BRIDGETOWN, Barbados, CMC – Trinbago Knight Riders captain Dwayne Bravo has dismissed as “petty” the criticism of the composition of the Barbados Tridents squad for this year’s Caribbean Premier League.

Tridents fielded a single Barbadian – but five Trinidadians – in their XI when they defeated St Kitts and Nevis Patriots by 25 runs in their last outing at Kensington Oval last Wednesday.

Trinbago Knight Riders captain Dwayne Bravo speaks during a media conference at Kensington Oval on Friday. (Photo courtesy CPL)
Trinbago Knight Riders captain Dwayne Bravo speaks during a media conference at Kensington Oval on Friday. (Photo courtesy CPL)

The side’s composition prompted criticism from among some fans but Bravo said it was time the Caribbean adjusted to the idea of franchise cricket and took the focus off nationality.

“It’s no longer island versus island, it’s a franchise [system]. This is the fourth year of CPL and for that talk to be still floating around … just two years ago, [Kieron Pollard] won the title for Barbados and he was a big hero, he almost got a statue,” the West Indies all-rounder told a media conference at Kensington Oval yesterday.

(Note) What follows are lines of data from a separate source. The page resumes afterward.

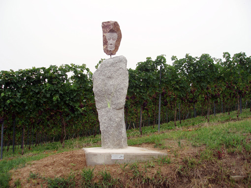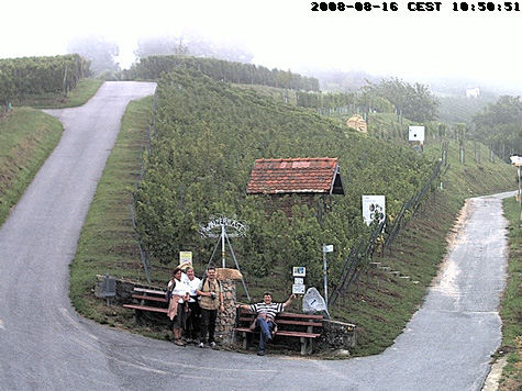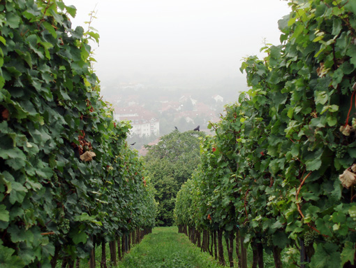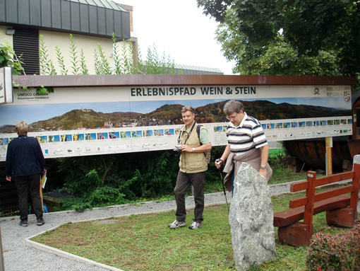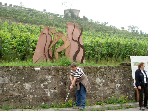 Neugierig nach den Informationen aus dem Prospekt und Internet, haben wir uns am Samstag, mit Freunden, Karte, Rucksäcken und viel Humor auf den Weg gemacht. Der Tag war noch neblig, aber die Wettervorhersage vielversprechend. Wir waren die ersten unterwegs, Stille, leichter Nebel umhüllte die Stadt unter uns, ein Reh lief über den Weg. Auf dem ersten Kilometer sind wir nicht gut vorwärts gekommen, da wir immer wieder etwas gefunden und gesehen haben, das wir lesen, schauen, fotografieren wollten. Schon vor 11:00 haben wir uns schauspielerisch vor der Webcam präsentiert und freundlich gewunken- wer weiß, wer uns da im Internet sieht. Wir haben viele Skulpturen gesehen, die hiesige Artisten aus Materialien aus der Gegend gezaubert und in die Weinlandschaft platziert haben. Dann sind wir in ökologischen Garten abgebogen, und nicht gemerkt, dass uns auf diese Weise ein Teil entgeht: mit weiteren Skulpturen und der mediterranen Bepflanzung (u.a. Palmen, neu seit Frühjahr). Abhilfe nötig: an der Stelle stimmt etwas nicht mit der Beschilderung. Fazit? Wir müssen noch mal hin.
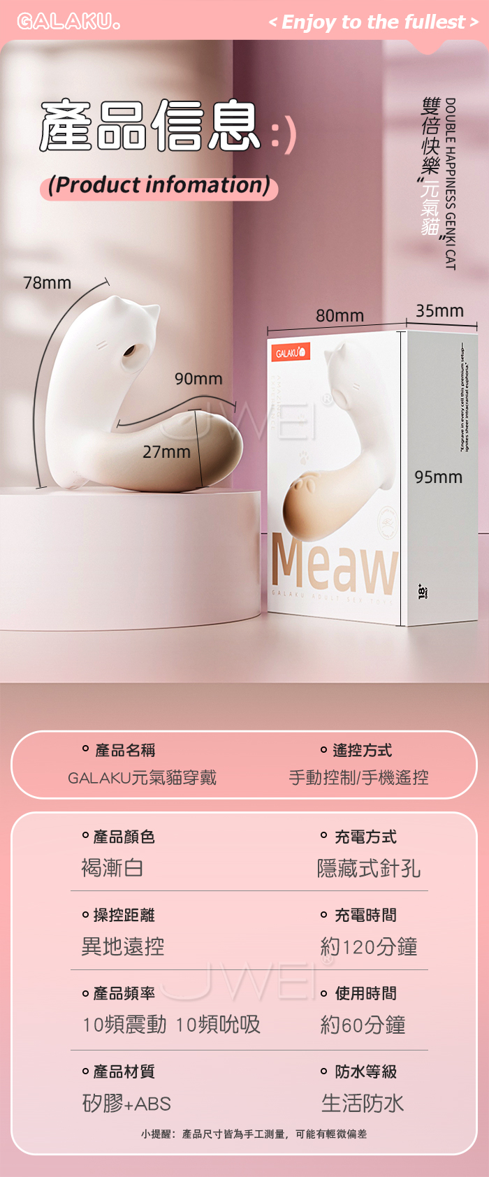 | GALAKU.元氣貓 10頻吮吸+10頻震擊G點 APP遠距遙控萌趣穿戴跳蛋
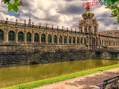 Budynek, Zwinger, Niemcy, Rzeka, Ławki, Drezno, Zabytek, Langgalerie z Bramą Koronną, Dwie

“It’s a bit harsh when people begin to bring up this petty talk again. I think we should go past that as Caribbean people. This tournament does a lot, both regionally and internationally, for our young players and for the nation.

“At the end of the day, if Tridents go on to win, it’s still Barbados Tridents getting all the praise and all the glory around the world.”

The Tridents squad this year comprises four Barbadians – Raymon Reifer, Ashley Nurse, Kyle Corbin and Kyle Hope – after radically undergoing changes at this year’s draft.

Familiar home faces like Dwayne Smith and Jonathan Carter were picked up by other franchises while West Indies captain Jason Holder was unavailable.

Bravo argued that the excessive focus on nationality was a negative approach and did nothing to help the Caribbean as a region.

“Last year, Trinidad and Tobago won the title and there was a big fight with the name – Trinidad and Tobago Red Steel or should it just be Red Steel,” he recalled.

“We went on to win the tournament and it is Trinidad and Tobago’s name that was called. It’s very important that people move on from these petty things and understand the importance of what is trying to be built here in the Caribbean. It (franchise cricket) happens everywhere around the world, it’s the same thing going on.

“I think that [type of thinking] is hampering us as Caribbean people, even in West Indies cricket it’s the same thing: too much petty behaviour among ourselves as a people – our cricket is suffering, talent is being wasted and it’s time to move on beyond those things.”

Bravo will lead Knight Riders against Tridents in today’s game at Kensington Oval.